■ **Task**: Copy exactly the lines from the start of the material through the line with "Der erfrischende Sommersalat". Pictures stay out of the copy.

■ **Supplied material**:
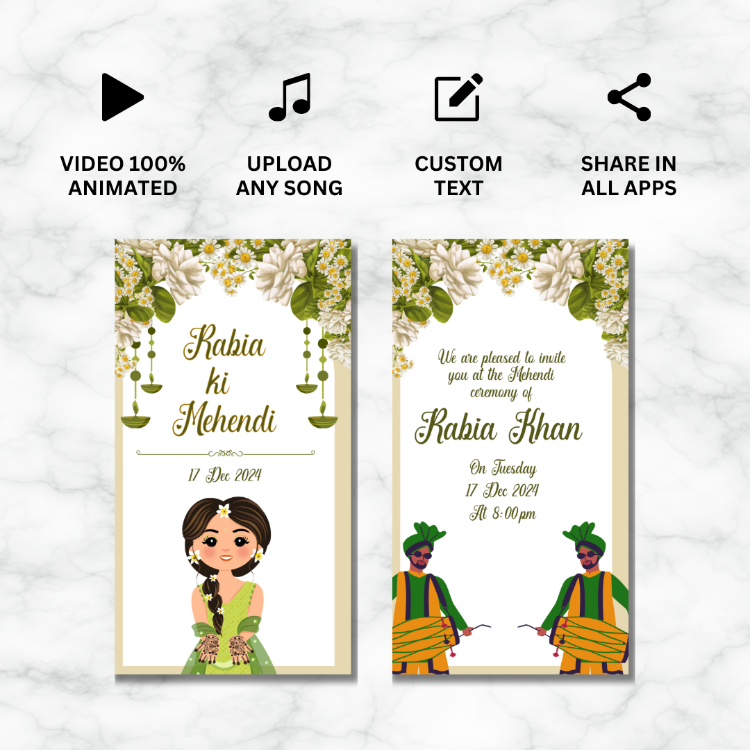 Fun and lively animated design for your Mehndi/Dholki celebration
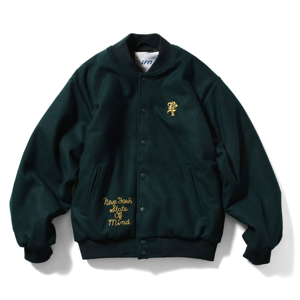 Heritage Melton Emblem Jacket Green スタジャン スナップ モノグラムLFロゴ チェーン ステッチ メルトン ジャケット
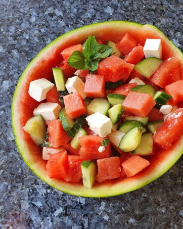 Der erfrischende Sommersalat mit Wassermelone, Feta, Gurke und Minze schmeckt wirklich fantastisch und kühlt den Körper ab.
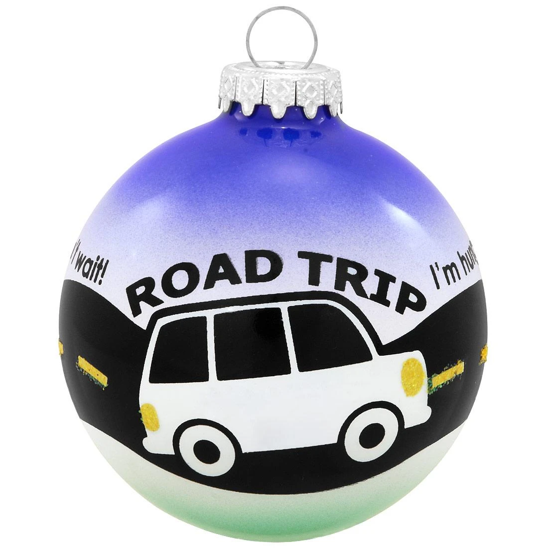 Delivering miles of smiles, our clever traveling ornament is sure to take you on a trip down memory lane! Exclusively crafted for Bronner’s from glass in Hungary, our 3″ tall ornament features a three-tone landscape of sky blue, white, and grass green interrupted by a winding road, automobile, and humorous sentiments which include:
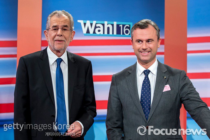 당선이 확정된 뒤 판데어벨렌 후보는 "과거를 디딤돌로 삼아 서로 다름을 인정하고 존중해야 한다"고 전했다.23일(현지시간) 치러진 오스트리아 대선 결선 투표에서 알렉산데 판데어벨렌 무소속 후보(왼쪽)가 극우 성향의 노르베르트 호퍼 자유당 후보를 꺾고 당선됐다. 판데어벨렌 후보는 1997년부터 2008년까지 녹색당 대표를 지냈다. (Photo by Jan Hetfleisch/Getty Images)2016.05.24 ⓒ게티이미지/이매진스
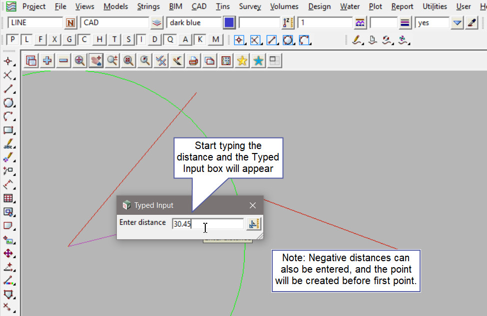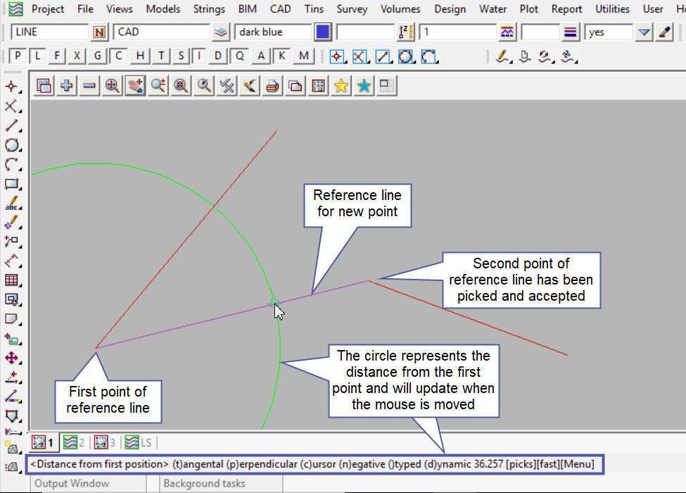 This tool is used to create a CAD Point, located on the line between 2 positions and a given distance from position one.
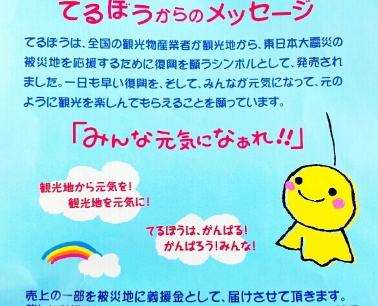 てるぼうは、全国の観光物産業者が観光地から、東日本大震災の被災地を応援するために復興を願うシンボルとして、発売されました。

■ **Response to this exercise**:
 Fun and lively animated design for your Mehndi/Dholki celebration
 Heritage Melton Emblem Jacket Green スタジャン スナップ モノグラムLFロゴ チェーン ステッチ メルトン ジャケット
 Der erfrischende Sommersalat mit Wassermelone, Feta, Gurke und Minze schmeckt wirklich fantastisch und kühlt den Körper ab.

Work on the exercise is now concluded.